SIL’s Dictionary-Making Workshop is Empowering Locals to do Language and Cultural Preservation Work

The 2012 Dictionary Workshop

Language Workers and SIL Missionaries getting a glimpse of the kinds of information that goes in the initial pages of a dictionary.

The 25th of April was the end of an SIL (Summer Institute of Linguistics) run Dictionary-Making workshop here in Wewak, Papua New Guinea. Participants were Papua New Guinean language workers from 11 different languages in the East and West Sepik provinces. These language workers are locals who assist the SIL missionaries in vernacular literacy as well as Bible translation.

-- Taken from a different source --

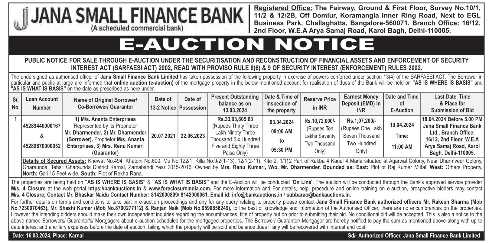 | Contact Details: | Contact Authorized Officer : Mr. Rakesh Sharma (Mob No.7230070463), Mr. Shashi Kumar (Mob No.8700277112) & Ranjan Naik (Mob No.9590858249) |
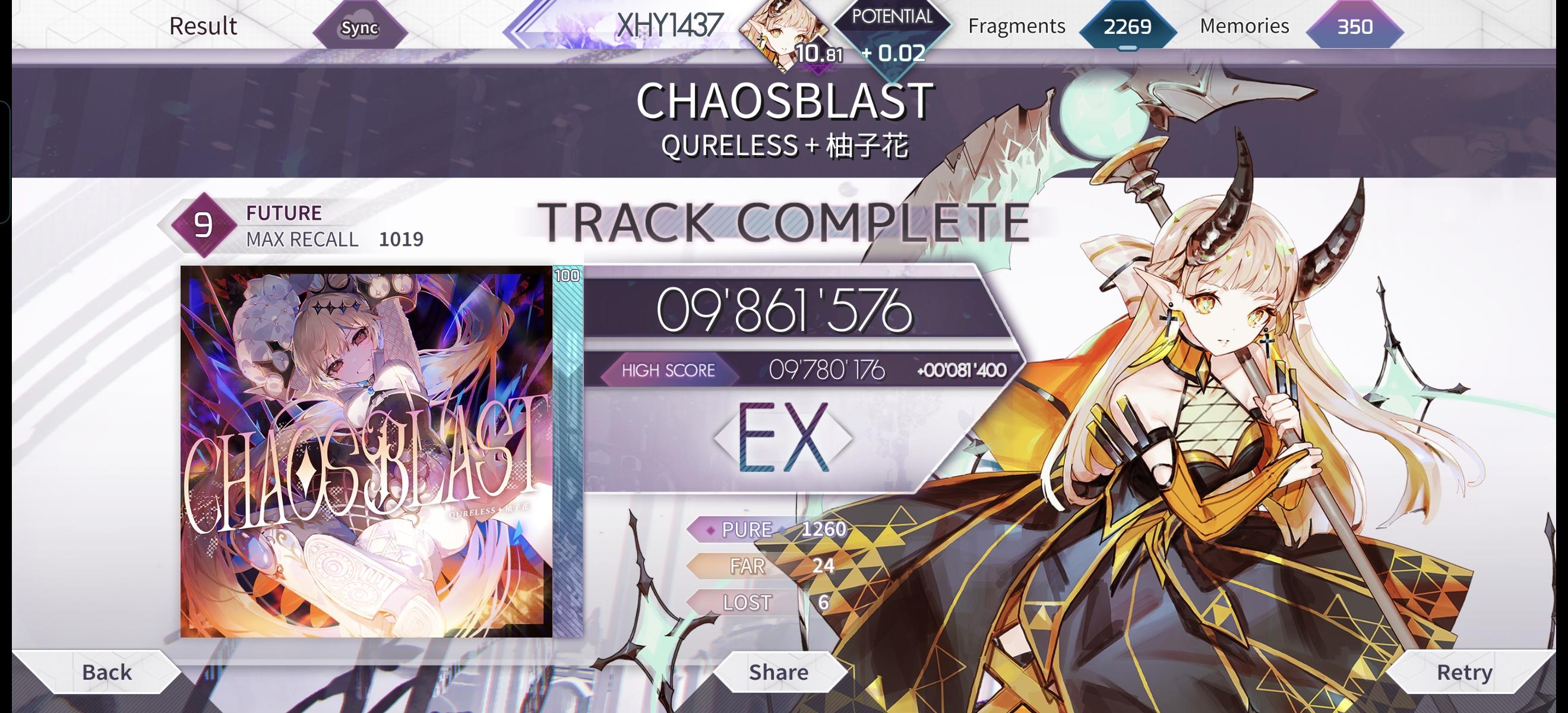 今天给夏伊莉丝爬梯升级,结果在限制格子里碰到了图1这歌的谱面,碰见一次扣一次0.01😭,不过B站的网友们说的对,CHAOSBLAST的FTR确实好嫖分,不过尾杀愣是不会打,前面也爆完Far了😭#arcaea

Certain language workers were computer ‘illiterate’ so they had the opportunity to attend a week long computer course prior to the Dictionary-Making workshop. This workshop was centered around an SIL international Dictionary-Making software called “WeSay”. This software allows the user to insert all the necessary information that needs to be included in a dictionary including pictures and extra cultural information. After this workshop each language will leave with a printed trial dictionary of their language from which they can expand on.

In the past, the work on language development was entirely dependent on the expertise of SIL missionaries. However, this trend is changing. Today SIL is more focused on building the capacity of locals so they can carry the work in their own hands. With the advancement of technology and language work in the hands of locals, there is a potential for sustainable language and cultural preservation work.

The SPES team was humbled to assist in the process; from computer literacy through mentoring, editing and publication of trial dictionaries. To God be praised for this achievement.


The Course Facilitator, Correna Janzen, pointing out the essential details to her students.